6 Nisan 2015 Pazartesi

2015/HALİFELİĞİN/HİLAFET'İN KALDIRILMASI.




               TC.

OSMAN TÜRKOĞUZ


TV. İZMİR;06 Nisan 2015.Kitabımdan,yeniden  yazabildiğim bölümler?!

HALİFELİK ADLI KİTABIMI GENİŞLETEREK YENİDEN YAZIYORUM. BİTTİĞİNDE YAYIMLATAMAZSAM E-KİTAP OLARAK BİLGİLERİNİZE SUNMAYI BİR TÜRK'ÜN ÇAĞDAŞ  BORCU BİLİRİM. SAYGILARIMLA.

 HALİFELİK’TEN/HİLAFET’TEN KURTULUŞUMUZ?!                                                                                 
        Mondros ateşkes Antlaşmasını imzalamış olan Rauf Orbay Bey, İsmet Paşanın Lozan’daki başarısını bir türlü kabullenememişti.  Lozan’da, hükümet desteğinden yoksun olmanın ezikliği içinde kıvranan Batı Cephesi Komutanı ve Dış İşleri Bakanı İsmet Paşa’ya Başkomutan ve Türkiye Büyük Millet Başkanı Mareşal Gazi Mustafa Kemal destek olmuştu.”Hükümeti de atlayarak:”Antlaşmanın usulen imza edildiğini bildiriniz!”Diye Şifre çekmişti. İsmet Paşa da:”İki gündür çektiğim üzüntüleri anlatamam.

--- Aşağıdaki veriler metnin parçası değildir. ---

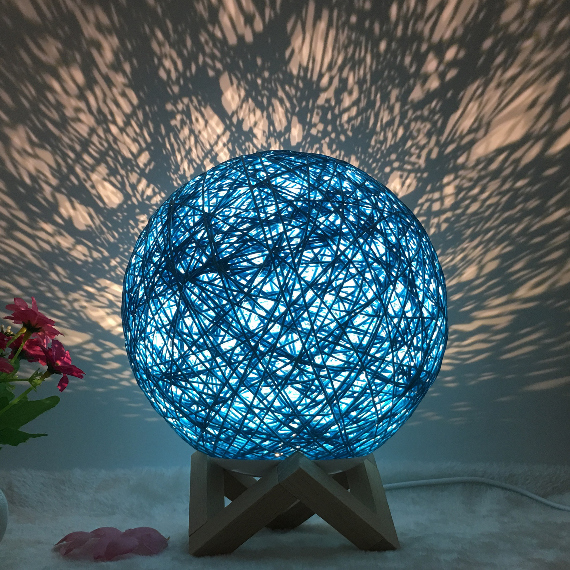 Amazon Hot Selling Creative Linen Table Lamp Novel and Unique LED Intelligent USB7 Color RGB16 Color Remote Control Rattan Ball Lamp
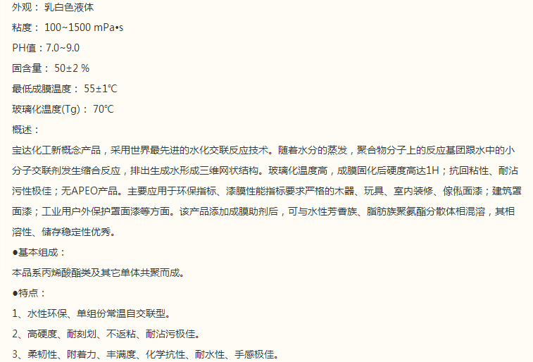 山东宝达 水性木器漆乳液系列 PD-Hiqua2000高硬度乳液
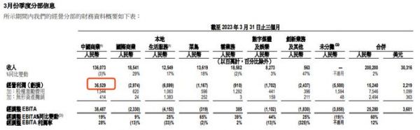 整体来说,中国商业部分是阿里最赚钱的业务,从财报上来看,今年一季度收入1360.7亿元,其中经营利润就有365.3亿元,而其他业务几乎全部经营亏损,可见中国商业的顶梁柱作用有多重要。
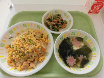 今日の給食は、鮭ちらし、野菜のごま和え、春の祝い汁、牛乳です。入学、進級お祝いメニューです。
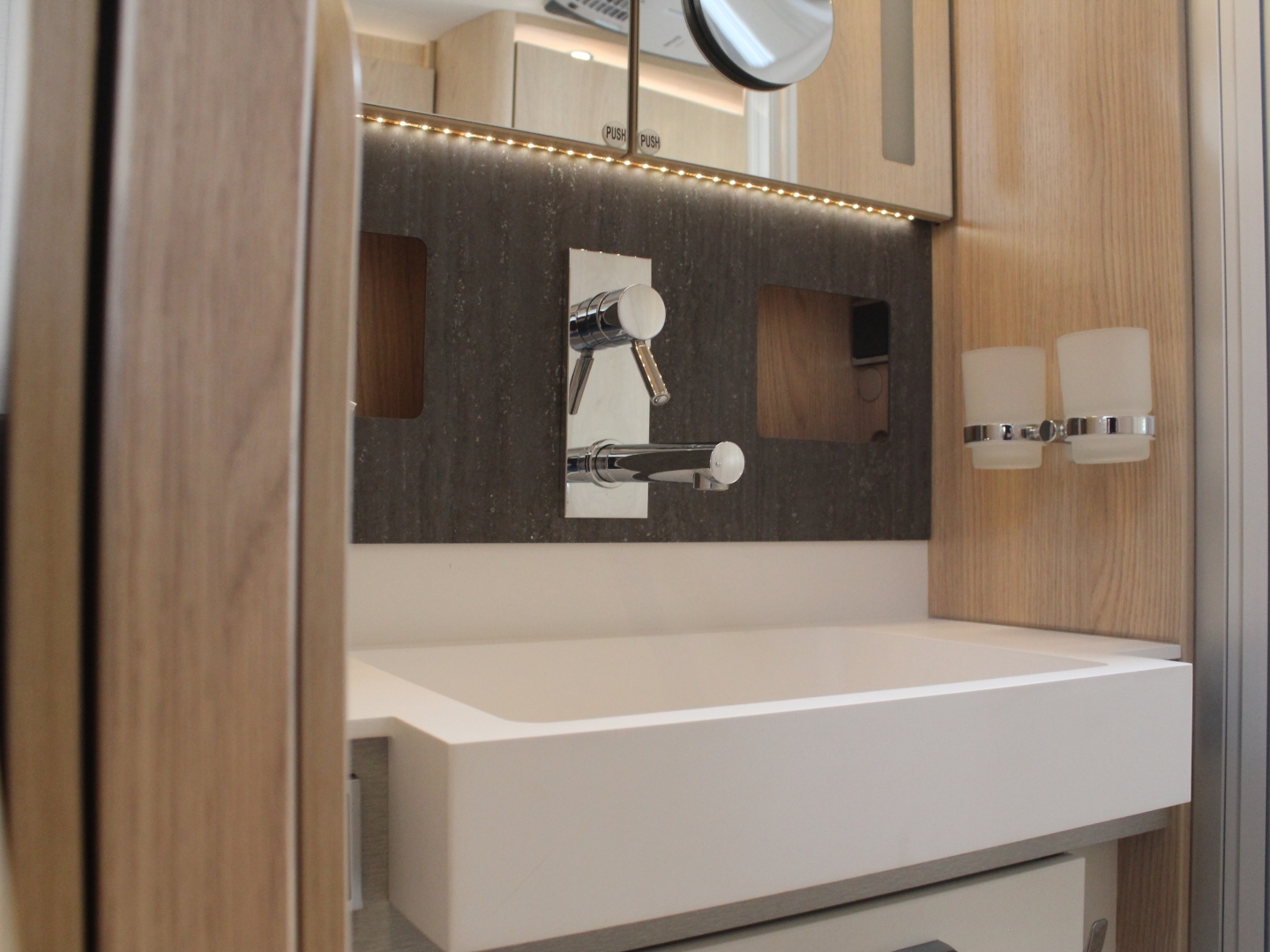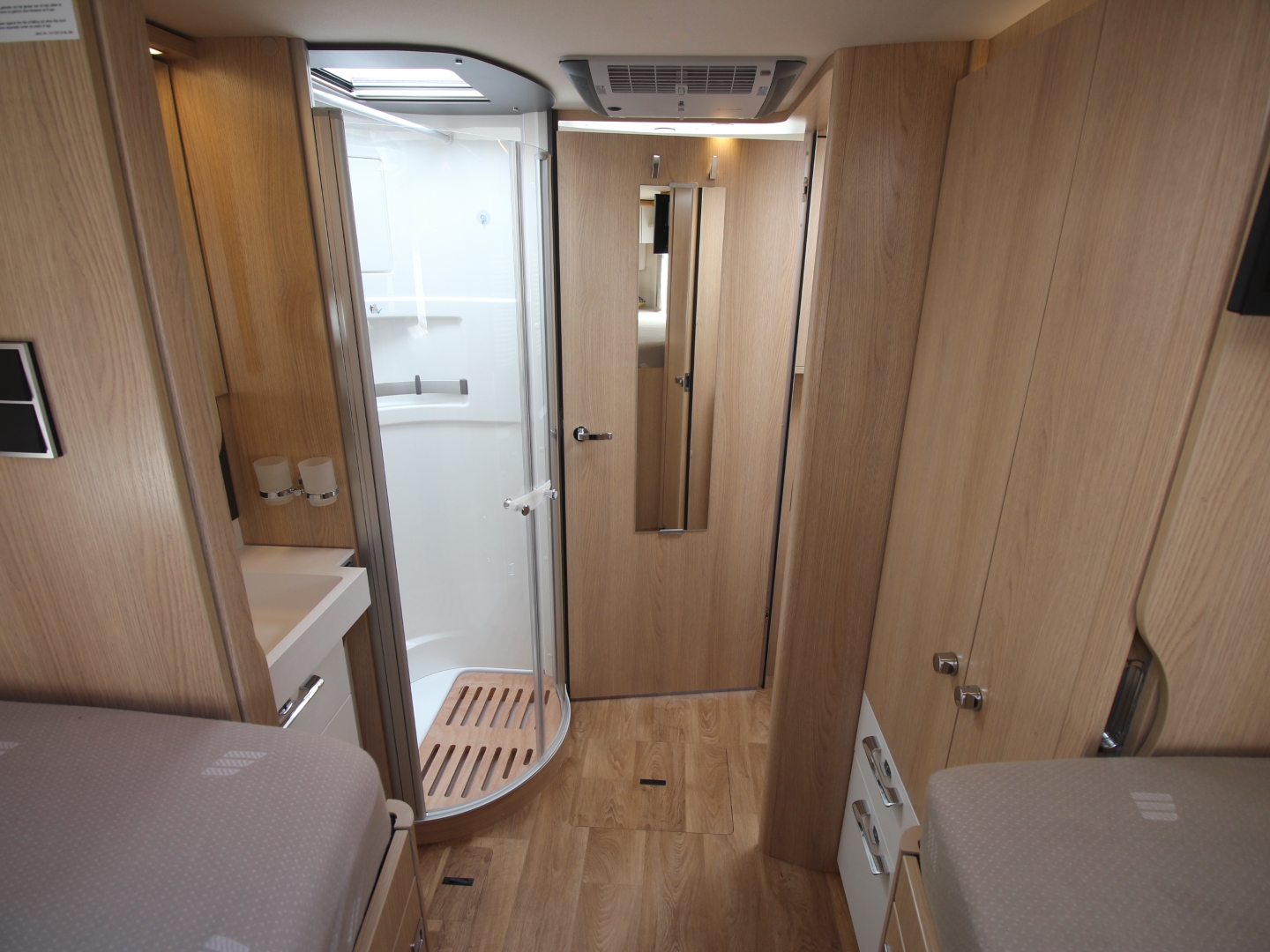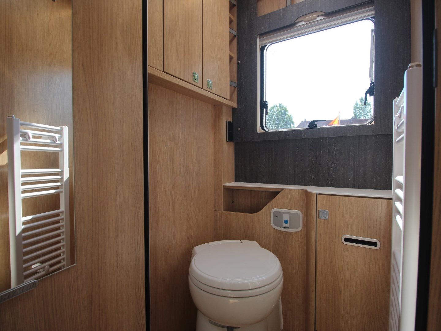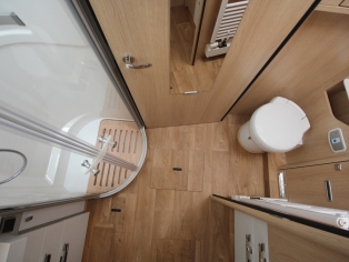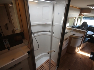 Links achterin bevind zich de ruime douchecabine, en er tegenover het toilet Thetford met SOG automatische toilet ontluchting en extra kastruimte.

Büyük işler yapmış ve yaptırmış bir adamsın. Sana bağlılığım bir kat daha artmıştır,benim Aziz Şefim?!”Diye karşılık vermişti. Başvekil Rauf Orbay, Çankaya köşkünde ziyaret ettiği Mustafa Kemal’e, İstanbul’dan gelecek olan İsmet Paşayı Ankara Garında karşılamayacağın bildirerek istifa etmişti. Bu olayların öyküsü Nutuk’ta gayetle güzel anlatılmaktadır. Rauf Bey, Ali Fuat Paşa, Kâzım Karabekir Paşa ve Refet Paşa, Mustafa Kemal ve İsmet Paşa ikilisini kabullenmemişlerdi. İstanbul Basını da bunları destekliyordu. Refet Paşa, Ulusal Kurtuluş Savaşı sırasında, bir İngiliz savaş gemisine binerek Halife’yi ziyaret etmiş, Konya isimli bir atı da, Padişah yaveri kardeşi eliyle Padişah-Halife’ye takdim etmişti. Cumhuriyet ilan olunup, Saltanat kaldırıldıktan sonra da Rauf Bey ve arkadaşları Yeni Halifeyi ziyaret etmişti. Türk ordusunun subay kesiminden de yeni halifeyi ziyaretler başlamıştı. Bu durumlar, Cumhuriyet Halk Partisi Meclis grubun getirildi. İsmet Paşa ile Rauf Bey cephesi arasında kıyasıya bir savaş başlamıştı. Cumhuriyet Halk Partisi Grubunda yapılan gizli celsede; İsmet Paşa, kürsüden aslanlar gibi kükrüyordu. Bu durumu Nutuk’tan izleyelim:

      “Devlet adamı olarak hiçbir zaman aklımızdan çıkaramayız ki, Halifelik orduları, bu ülkeyi baştanbaşa harabeye çevirmişlerdir. Halifelik orduları kurulmak ihtimalini hiçbir zaman gözden uzak tutmayacağız. Türk milleti derin acılarını Halife ordularından çekmiştir. Bir Halifelik fetvasının bizi gizli bir savaş tehlikesine attığını hiç unutmayacağız. Bir Halifelik Fetvasının millete, ayağa kalkmaya başladığı zaman, düşmanlardan daha alçakça saldırdığını unutmayacağız. Tarihin her hangi bir döneminde bir halife, ülkenin kaderine karışmak istediğini aklından geçirirse, o kafayı kesinlikle koparacağız. Herhangi bir halife, gelenek ve düşünce bakımından, şekil ve usul bakımından açık ya da kapalı olarak, Türkiye’nin kaderinde ilgisi varmış gibi bir duruma girmek adamlarına yüksekten bakarak, gönül alıcı, hatır sorucu bir şekilde davranma düşüncesine kapılırsa, bunları memleketin yaşantısına ve varlığına tam karşıt tutacağız ve davranışlarını vatan hainliği sayacağız.”Nutuk, c.2,s 842-843.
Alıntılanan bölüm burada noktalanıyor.